The Book of Esther, read on the festival of Purim, recounts the escape of the Jews of Persia from annihilation during the reign of King Ahasuerus (probably Xerxes I, ruled 485-464 B.C.E.). Haman, the king's vizier, plotted to kill all the Jews in the kingdom and cast lots (purim) to determine the day of their destruction. His plan was stymied through the intervention of Esther, Ahasuerus's beautiful Jewish queen, who, guided by her uncle Mordecai, persuaded the king to save the Jews and execute the evil Haman in their place. Having triumphed over their enemies, the Jews of Persia engaged in "days of feasting and joy," and it is this spirit of merrymaking that characterizes the celebration of Purim to this day when the Scroll of Esther is read in the synagogue. Congregants may follow the text in their own scrolls, which may be lavishly decorated.

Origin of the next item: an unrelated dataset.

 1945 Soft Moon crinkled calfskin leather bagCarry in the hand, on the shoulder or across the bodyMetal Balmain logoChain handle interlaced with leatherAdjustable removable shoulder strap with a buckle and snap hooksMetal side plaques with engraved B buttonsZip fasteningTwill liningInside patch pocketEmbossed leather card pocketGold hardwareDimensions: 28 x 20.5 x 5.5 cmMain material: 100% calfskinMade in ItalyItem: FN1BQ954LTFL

The elaborate engraved borders of this scroll are the work of the Jewish artist Salom Italia, born into a family of printers in Mantua. When the Austrians invaded Mantua in 1630, Jews were forced from the city, and Salom Italia probably went to the Venetian States before settling in Amsterdam in 1641. There he found a prospering community of Jews with the means as well as the inclination to commission and collect the works of a young printmaker.
This scroll was printed from one engraving plate consisting of four arches, which was repeated five times to produce a large arcade as a frame for the text; above, each arch is crowned by a broken pediment surmounted by lions. Below are Dutch cityscapes that reflect the influence of Italia's new home. Figures from the Purim story stand flanking the arches: King Ahasuerus facing Queen Esther, and Mordecai facing Haman. Below each figure is a scene from the story, each printed from a separate plate, forming a narrative cycle of nineteen images. The only exception to this composition is the first panel, which consists of naturalistically rendered peacocks and other birds, and an empty cartouche intended to frame the blessings recited before reading the scroll. On the lip of the vase of flowers on the right, Salom Italia signed his name in Hebrew. The squirrel to the right is an element from the insignia used in Mantua by his family.

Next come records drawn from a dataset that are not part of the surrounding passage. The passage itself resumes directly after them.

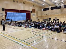 準備が終わり、ピロティに集合しました。最後に新しい校長先生から、よろしくの挨拶と6年生の準備への感謝の言葉をいただいて終わりました。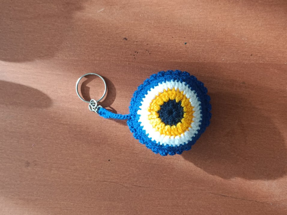 Renkli, örgü tasarıma sahip bu anahtarlık, rahat bohem tarzıyla retro hippie dokunuş katıyor.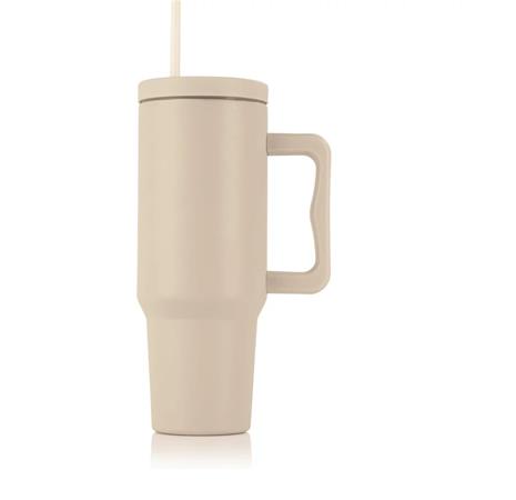 Termohrnček, 1,2 l, so slamkou, s uškom, béžový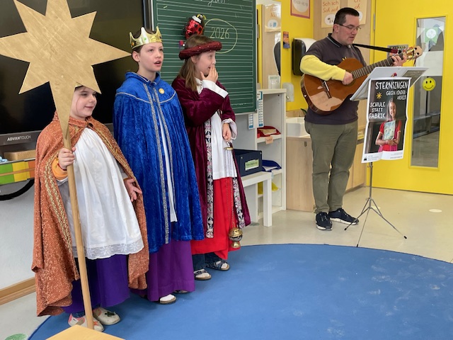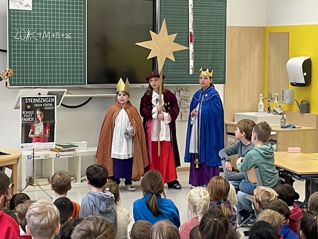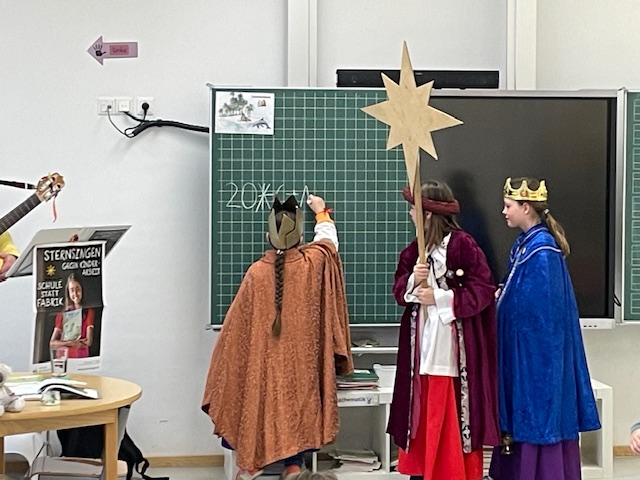 Pünktlich zum Schulstart nach den Ferien, am 7. Januar 2026, besuchten die Sternsinger gemeinsam mit Herrn Josef Reithmeier alle Klassenstufen. Die drei Heiligen Könige sangen für uns, erklärten die Tradition und Bedeutung dieses schönen Brauchs und schrieben den Segen Gottes an die Klassenzimmertüren.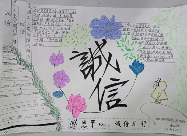 作品以手抄报形式展现,“诚信”主题简洁鲜明。图中的台阶,与文中“诚信是人类文明的阶梯”相呼应。图中还配了竹子,象征君子所应该拥有的品质,在这里意味着诚信是君子必备的品行。

Salom Italia's great innovation and contribution to the design of Esther scrolls was setting the text within portals derived from triumphal arches. The practice of conducting triumphal processions through arches dates back to ancient Rome, and the building of temporary arches to honor rulers as they entered a city continued in Europe until the nineteenth century. By the sixteenth century, the triumphal entries of monarchs were commemorated by the publication of their iconographic programs, complete with woodcuts or engravings of the temporary arches and decorations specially created for these events.
In 1642, shortly after Italia's arrival in Amsterdam, the city mounted a magnificent triumphal entry for the stadtholder Frederik Hendrik and his in-laws, the English royal family. Italia may also have been influenced by designs for the 1638 entry of Marie de' Medici into Amsterdam (published in 1639)-for example, an arch surmounted by lions with columns similar to the ones on this scroll. Italia's figures flanking the arches stand beneath festoons of fruit suspended from masks, which appeared in the decorations for a triumphal entry into Lisbon in 1619 (published in Madrid, 1622). By using imagery from a variety of printed sources, Salom Italia achieved a perfect marriage of form and content, since the Book of Esther recounts the triumph of the Jews of Persia and includes an account of Mordecai's triumphal procession through the streets of Shushan, the capital. This episode was depicted by Rembrandt in an etching that was made in Amsterdam around 1641 and was probably known to Italia.
The original owners of this scroll would have understood the reference to triumphal entries in the decorative program. As they unrolled the scroll to follow the text, revealing one arch at a time, they would have been symbolically passing through each portal, thereby reenacting the triumph of Mordecai and of all Jews that is at the heart of the celebration of Purim.